FedEx Corporation FDX shares initially traded lower after the company disappointed Wall Street with its fiscal fourth-quarter earnings report last week.
On Tuesday, Bank of America analyst Ken Hoexter added FedEx to the firm’s US1 list and named it his top transportation stock pick.
Valuation: Hoexter said FedEx shares currently trade at only about 13.6 times his fiscal 2022 EPS estimate, on the low end of its historical valuation range. While the stock is undervalued, he said multiple long-term tailwinds continue to build for the company, including TNT integration, business-to-consumer (B2C) e-commerce and an improving pricing environment. The company believes 88% of its future growth will be driven by B2C e-commerce shipments.
Related Link: 5 FedEx Analysts Break Down Q4 Earnings: 'We Continue To See Upside Potential'
Given the tight delivery capacity, revenue per package had been growing at a double-digit percentage pace. In addition, re-pricing of enterprise contracts will also serve as a margin tailwind into fiscal 2023, Hoexter said.
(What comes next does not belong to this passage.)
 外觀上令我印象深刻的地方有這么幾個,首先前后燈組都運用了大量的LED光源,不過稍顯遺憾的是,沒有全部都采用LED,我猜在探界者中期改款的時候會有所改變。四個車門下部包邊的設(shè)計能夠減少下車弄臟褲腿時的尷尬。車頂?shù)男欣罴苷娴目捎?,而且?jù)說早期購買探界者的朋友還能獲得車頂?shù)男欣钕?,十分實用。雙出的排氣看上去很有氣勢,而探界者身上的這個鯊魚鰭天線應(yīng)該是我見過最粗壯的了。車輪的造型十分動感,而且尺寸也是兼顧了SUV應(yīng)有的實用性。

Fears Overdone: Hoexter said fears over FedEx’s rising costs are overdone, and the company doesn’t need to match the cash flow yields of competitor United Parcel Service, Inc. UPS.
“While FedEx has not generated cash flow yields on par with UPS, we believe the increased capex should support high ROIC investments in capacity, automation, and fleet renewal, and be margin accretive,” Hoexter wrote in a note.
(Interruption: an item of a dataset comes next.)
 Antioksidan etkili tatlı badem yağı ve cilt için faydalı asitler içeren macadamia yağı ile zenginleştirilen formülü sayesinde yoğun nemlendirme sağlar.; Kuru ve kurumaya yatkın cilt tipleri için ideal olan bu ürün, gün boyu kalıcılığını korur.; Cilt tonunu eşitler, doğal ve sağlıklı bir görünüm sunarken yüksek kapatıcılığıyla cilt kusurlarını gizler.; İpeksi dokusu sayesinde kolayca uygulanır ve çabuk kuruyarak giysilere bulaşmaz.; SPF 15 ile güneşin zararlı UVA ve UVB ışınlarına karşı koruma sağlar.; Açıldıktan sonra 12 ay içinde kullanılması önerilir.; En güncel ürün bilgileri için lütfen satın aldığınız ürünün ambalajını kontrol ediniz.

Hoexter is projecting 17.9% EPS growth in fiscal 2022, 12.6% EPS growth in fiscal 2023 and 14.3% EPS growth in fiscal 2024.
Bank of America has a Buy rating and $372 price target for FedEx.
Benzinga’s Take: FedEx shares have taken a breather in the past month, but that may simply be because near-term expectations got too high. The stock has been an excellent longer-term investment, gaining 128% in the past year.